Referring to fig. 1 to 4, the present invention provides a rod bracket 4, which is mounted on a drilling or bolting trolley in a matching manner, and is used for clamping the periphery of a drill rod 6, so that the disturbance of the bending stress generated by gravity and high-speed rotation to the drill rod 6 is reduced when the drilling assembly 22 is moved in the drilling process, and the rod bracket 4 includes a supporting seat 41, a supporting arm 42, a clamping assembly 43 and a driving device 44.

The support base 41 is a base on which other components are mounted, the support arm 42 has a free end and a fixed end pivotally connected to the support base 41, the free end being capable of swinging rotationally about the fixed end in a plane perpendicular to the bar, and has:

the first position, in which the free end is adjacent the drill rod 6 and in the path of movement of the drilling assembly 22, and the second position, in which the free end is clear of the drill rod 6 throughout the rotational oscillation, exits the path of movement of the drilling assembly 22.

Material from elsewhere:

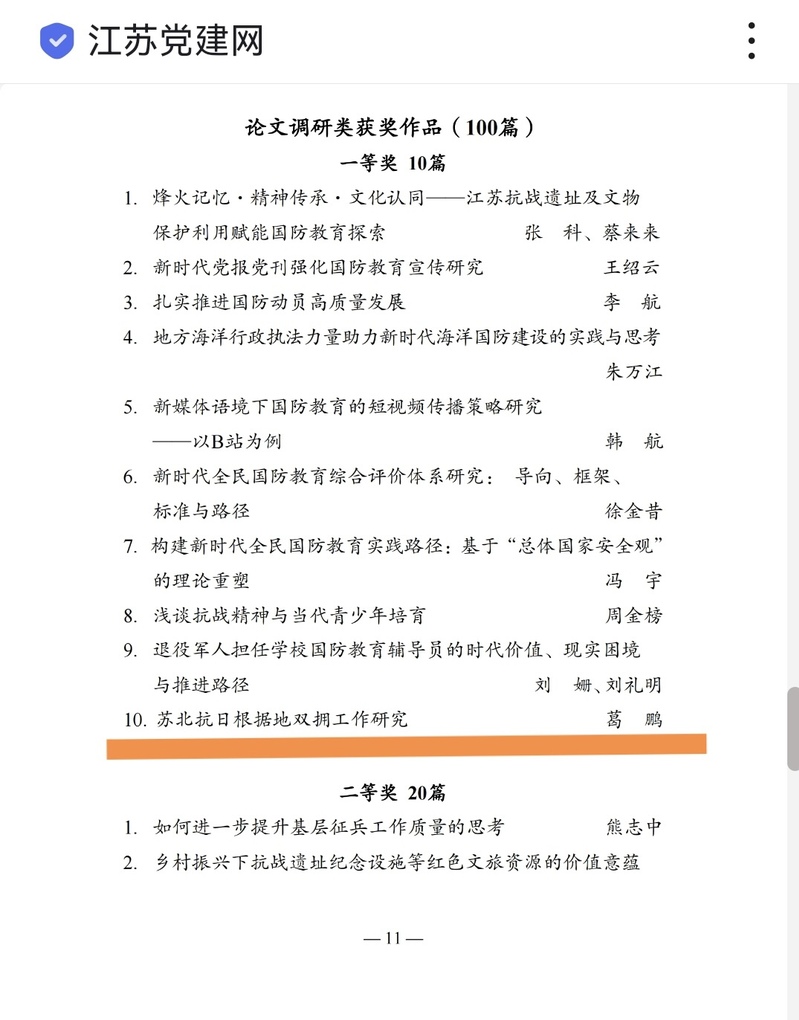 近日,由省委宣传部、省国防动员办公室、省教育厅、省退役军人事务厅、省军区政治工作局联合主办的“铭记历史 爱我国防”江苏省第二届全民国防教育主题征文大赛结果揭晓。伟德官网后勤保障部葛鹏老师撰写的论文《苏北抗日根据地双拥工作研究》荣获“论文调研类作品”一等奖。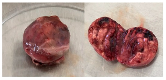 Bursa of Fabricius from SPF chickens challenged with the Moroccan vvIBDV strain at 3 days post-challenge (dpc). The left image shows a characteristic black cherry discoloration, indicative of severe hemorrhagic lesions. The right image presents a sagittal section of the bursa of Fabricius, revealing internal hemorrhage, edema, and swelling, which are hallmark lesions associated with vvIBDV infection.

The clamping assembly 43 is used for clamping a rod member, in this embodiment, the rod member is a drill rod 6, the clamping assembly 43 includes two first clamping arms 431 and two second clamping arms 432 connected at free ends of the supporting arms 42, wherein the first clamping arms 431 are rotationally connected with the supporting arms 42, and two clamping arms are provided with mutually matched half slots at one ends of the two clamping arms far away from the supporting arms 42, and the clamping assembly comprises:

The first clamping arm 431 rotates away from the second clamping arm 432 in the open state to release the drill rod 6, and the first clamping arm 431 rotates close to the second clamping arm 432 in the closed state until the first clamping arm 432 is completely abutted and the corresponding half groove is surrounded to form a hole for limiting the drill rod 6 to move along the circumferential direction, and the hole is used for the drill rod 6 to pass through.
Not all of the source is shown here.